* [PROVIDED MATERIAL]:
■ ■ ■ ■ ■ ■ ■

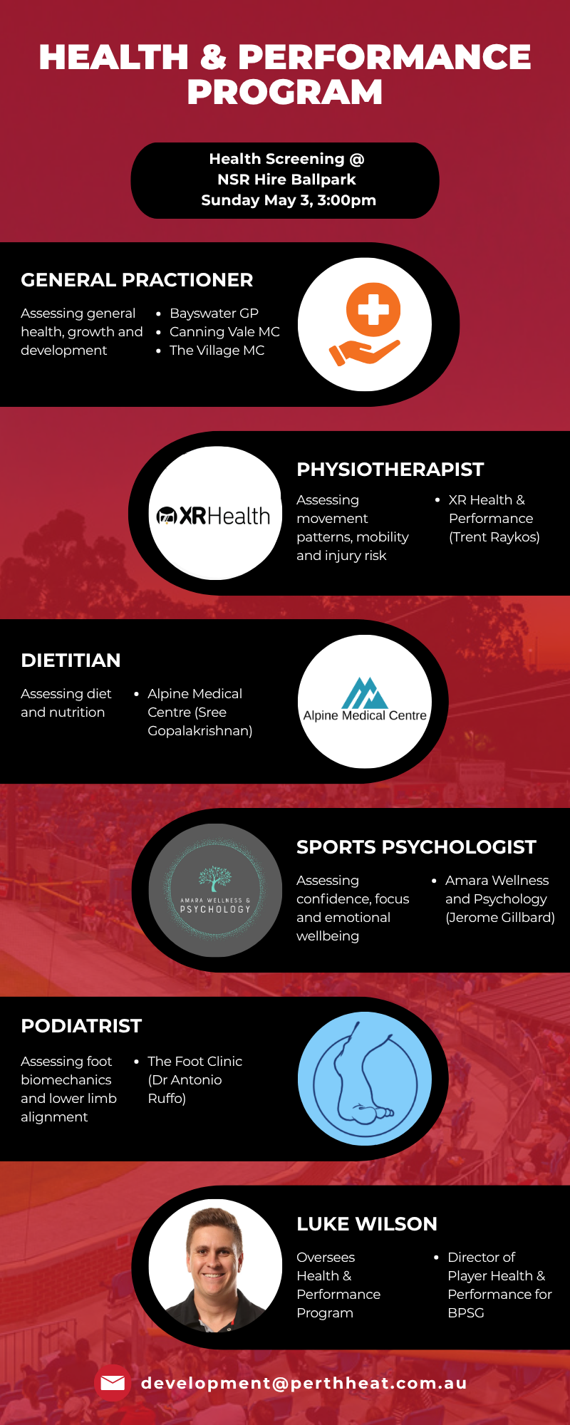 - Total Health monitoring – Supported by the Perth Heat High Performance team, including a GP, physiotherapist, dietician, psychologist, and strength & conditioning coach / exercise physiologist.
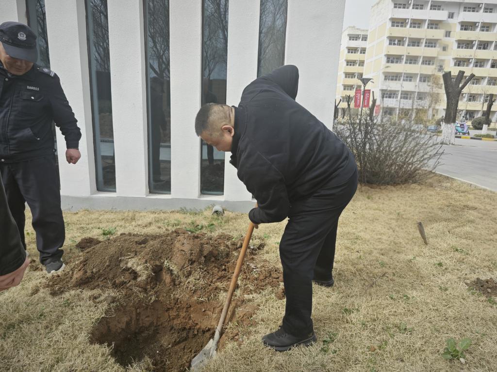 下午2时30分,活动在学校明奥体育馆南侧正式拉开序幕。由副校长陈鹏亲自带领,后勤管理处、后勤产业集团、校医院、智慧安全警务处等单位共同参与,大家以饱满的热情投入植树活动中。在活动现场,分工明确,协作默契,有的挥动铁锹铲土,有的扶持幼苗,有的培土筑堰,呈现出一片繁忙而热烈的劳动氛围。
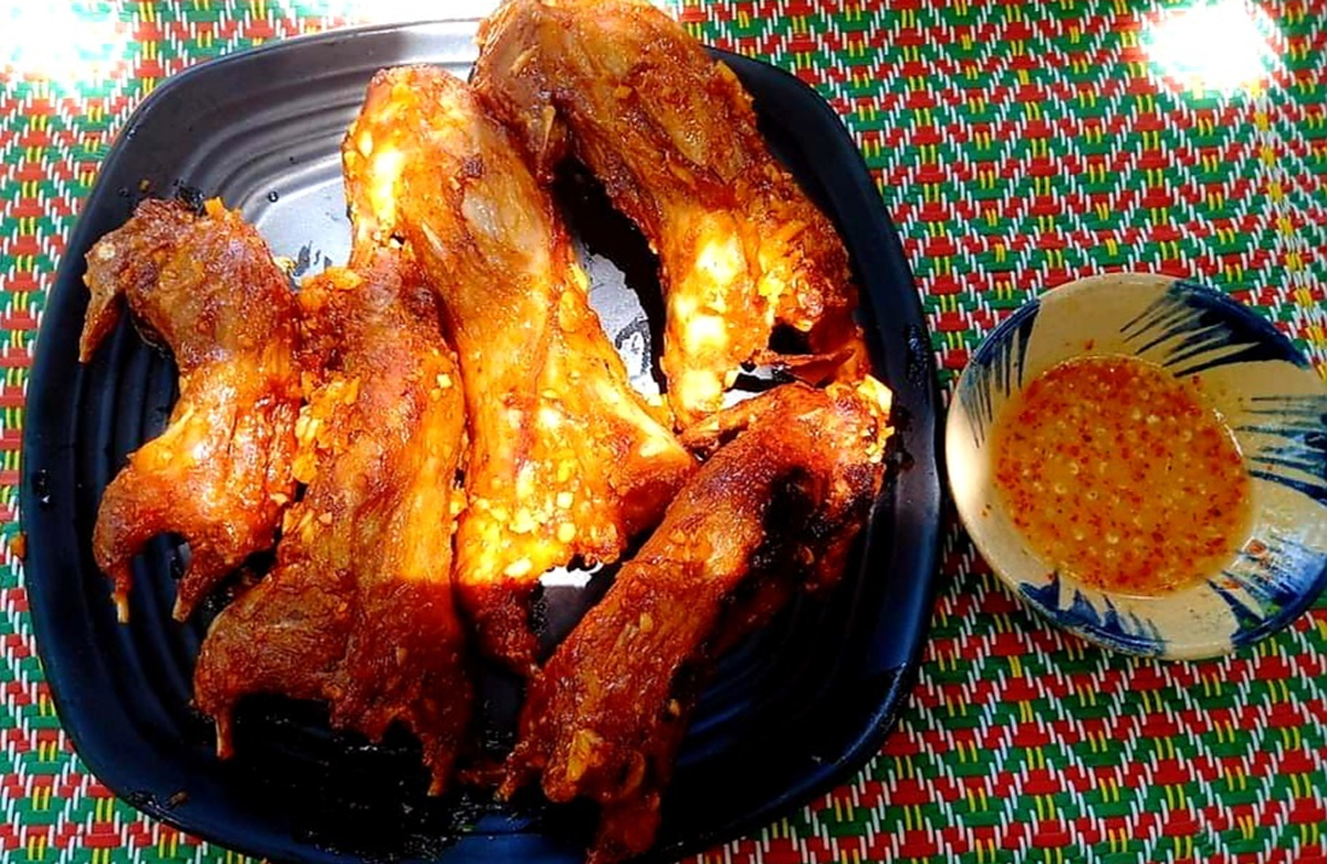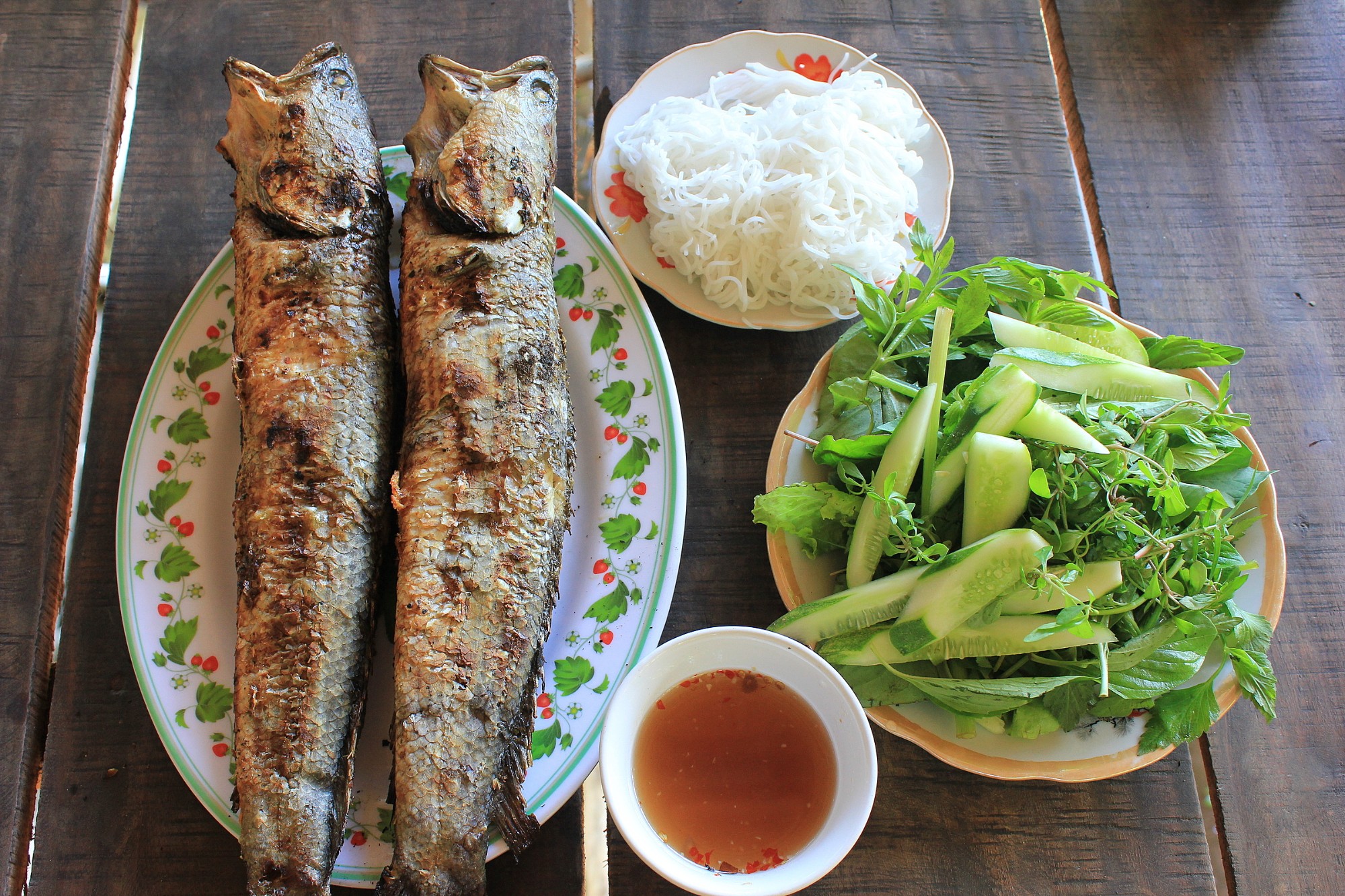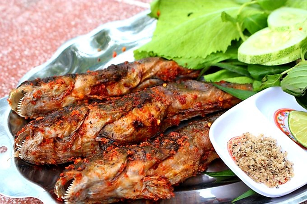 Cá thòi lòi nướng muối ớt: Loại cá này cho thịt nhiều, ngọt, dai, không xương dăm. Cá còn tươi, để nguyên con rửa sạch bùn, ướp chút muối ớt, sa tế, sau đó đặt trên bếp than nướng với lửa vừa. Khi da vừa vàng đều, dậy mùi thơm là cá chín. Món này sẽ chấm cùng muối tiêu hoặc nước mắm me kèm rau sống.

■ ■ ■ ■ ■ ■ ■

* [TASK DIRECTIONS]:
Take the line with "下午2时30分,活动在学校明" and every line after it through the end of the data, and write only them out exactly, leaving out the pictures.

* [SOLUTION FOR THIS TASK]:
 下午2时30分,活动在学校明奥体育馆南侧正式拉开序幕。由副校长陈鹏亲自带领,后勤管理处、后勤产业集团、校医院、智慧安全警务处等单位共同参与,大家以饱满的热情投入植树活动中。在活动现场,分工明确,协作默契,有的挥动铁锹铲土,有的扶持幼苗,有的培土筑堰,呈现出一片繁忙而热烈的劳动氛围。
 Cá thòi lòi nướng muối ớt: Loại cá này cho thịt nhiều, ngọt, dai, không xương dăm. Cá còn tươi, để nguyên con rửa sạch bùn, ướp chút muối ớt, sa tế, sau đó đặt trên bếp than nướng với lửa vừa. Khi da vừa vàng đều, dậy mùi thơm là cá chín. Món này sẽ chấm cùng muối tiêu hoặc nước mắm me kèm rau sống.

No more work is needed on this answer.